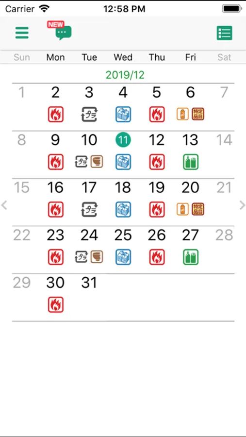 The garbage collection schedule can be checked on one screen in three patterns: Today and tomorrow, by week, and by month.
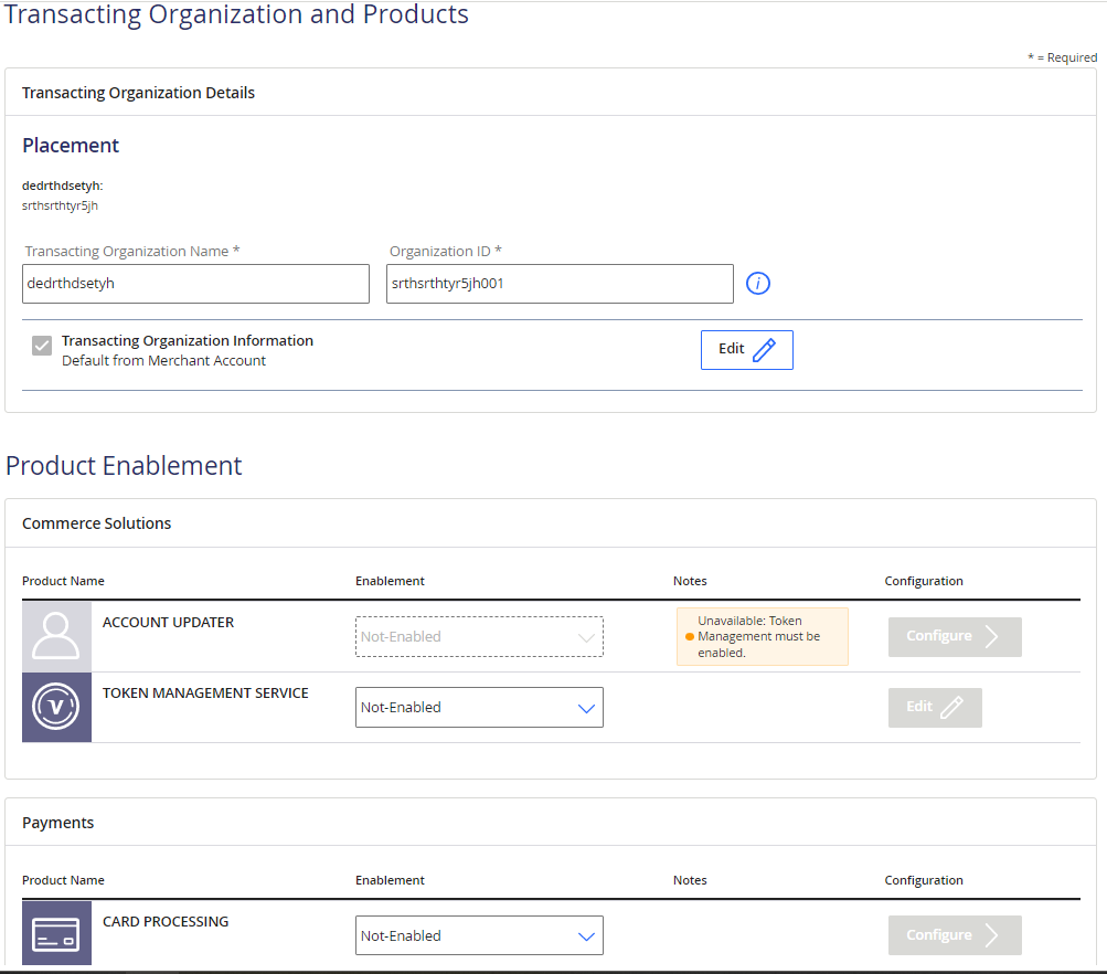 - Optional: modify the name and ID of the organization by using the text fields in the Transacting Organization Details section. The ID must be unique, not just in the portfolio or account, but across the system. By default, the name is the merchant name with 001 added to the end of the name. If you accept this default, additional transacting organizations will have default names that iterate the numbers at the end of their names, beginning with 002.
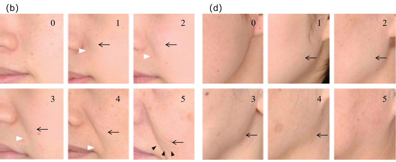 1級,輕微下垂:嘴角附近可見輕微凸起區(qū)域(黑色箭頭所示)??梢娸p微木偶紋(白色箭頭所示);
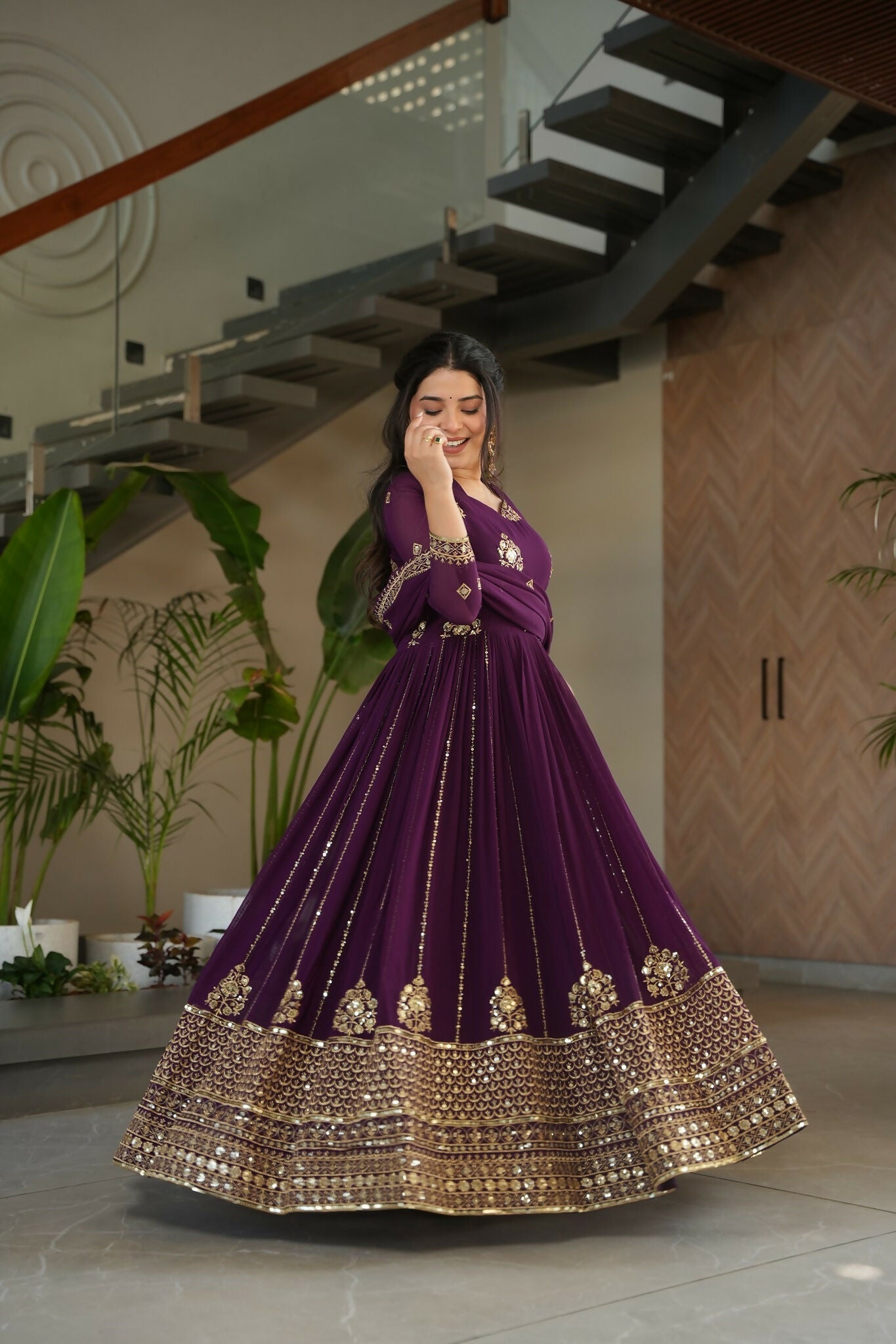Aastha Fashion Wine Faux Blooming Party Wear Designer Gown Collection
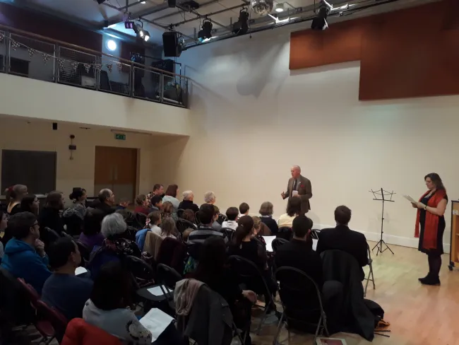 A másfél órás koncertet egy rövid szünet szakította meg, ahol a résztvevőknek lehetőségük nyílt megismerkedni, beszélgetni egymással. A szünet után további magyar népdalokat és komolyzenei előadásokat hallhattunk a Cardiffi magyar gyerekek és a Kodály Violin School előadásában. Janet McDonald és Sillo Elizabeth magyar és walesi nyelven előadott duóját, valamint Hope Vaughan-Huges fuvolajátékát is meghallgattuk a második félidőben. A koncert zárásaként a magyar music club vezénylésével a Nád a házam teteje című dalt tanítottuk meg a walesi-magyar közönségnek. A nyelvi akadályok leküzdése céljából mutogatással kísértük a dal tanítását, ami igazi jó kedvre derített mindenkit.
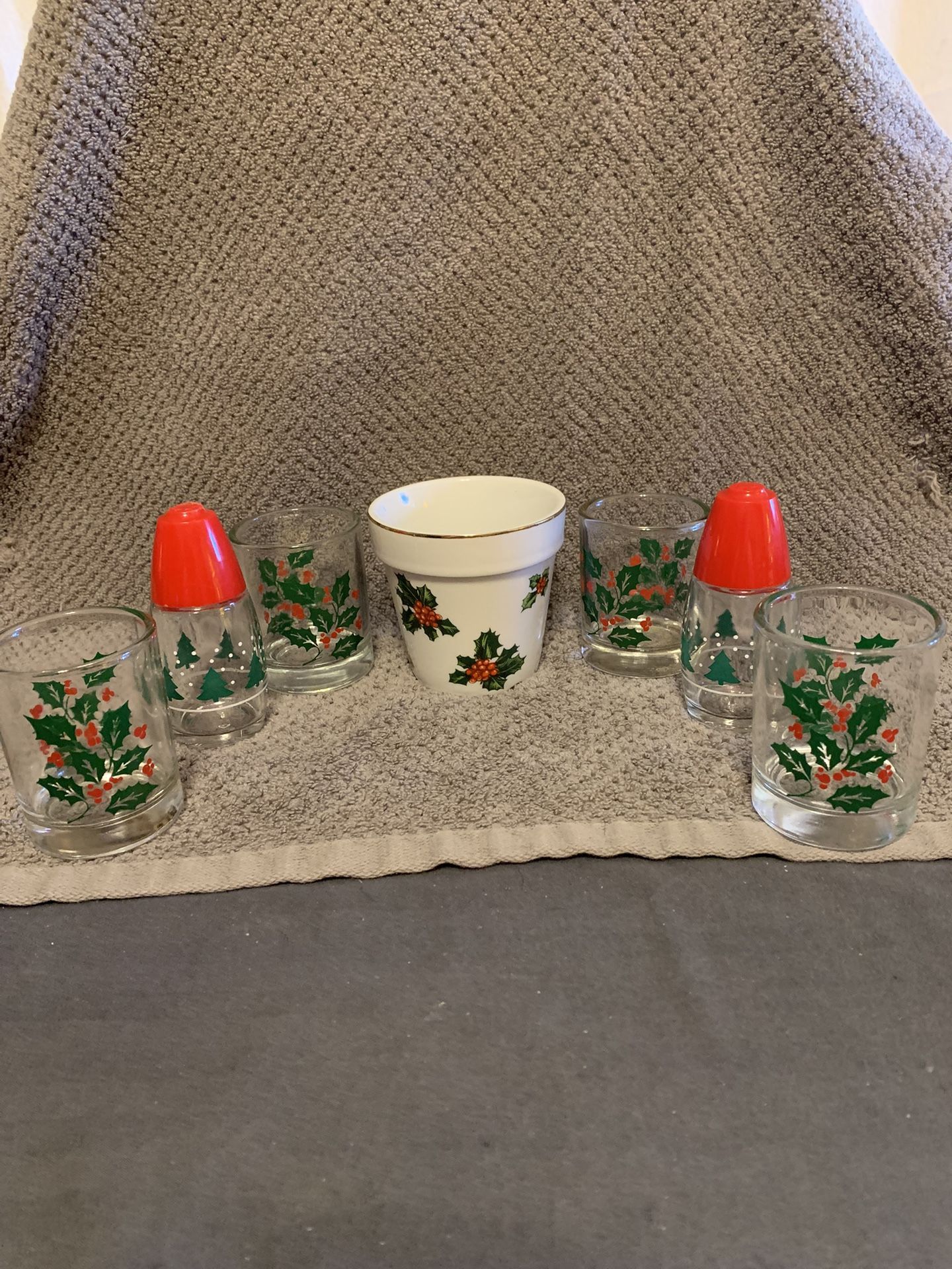 There are 4 small votive candleholders /shot glasses. I have a salt & pepper shaker with the Holly pattern on them and red lids. Plus one small plant holder with Holly on it also.
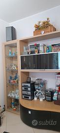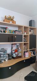 Mobili come nuovi. Vetrinetta alta verticale collegata ad un vasto tavolo e cubotti con varie mensole, ante(una in vetro) e vari cassetti e cassettoni. Allegato, al mobile unico, un'altra vetrinetta da muro e tavolino reggi-televisore con annesso cassetto e mensola.
....
> EXERCISE: Set down exactly the lines running from the beginning of the entries above to the line that contains "1級,輕微下垂:嘴角附近可見", including both, and leave out pictures.

> REPLY:
 The garbage collection schedule can be checked on one screen in three patterns: Today and tomorrow, by week, and by month.
 - Optional: modify the name and ID of the organization by using the text fields in the Transacting Organization Details section. The ID must be unique, not just in the portfolio or account, but across the system. By default, the name is the merchant name with 001 added to the end of the name. If you accept this default, additional transacting organizations will have default names that iterate the numbers at the end of their names, beginning with 002.
 1級,輕微下垂:嘴角附近可見輕微凸起區(qū)域(黑色箭頭所示)??梢娸p微木偶紋(白色箭頭所示);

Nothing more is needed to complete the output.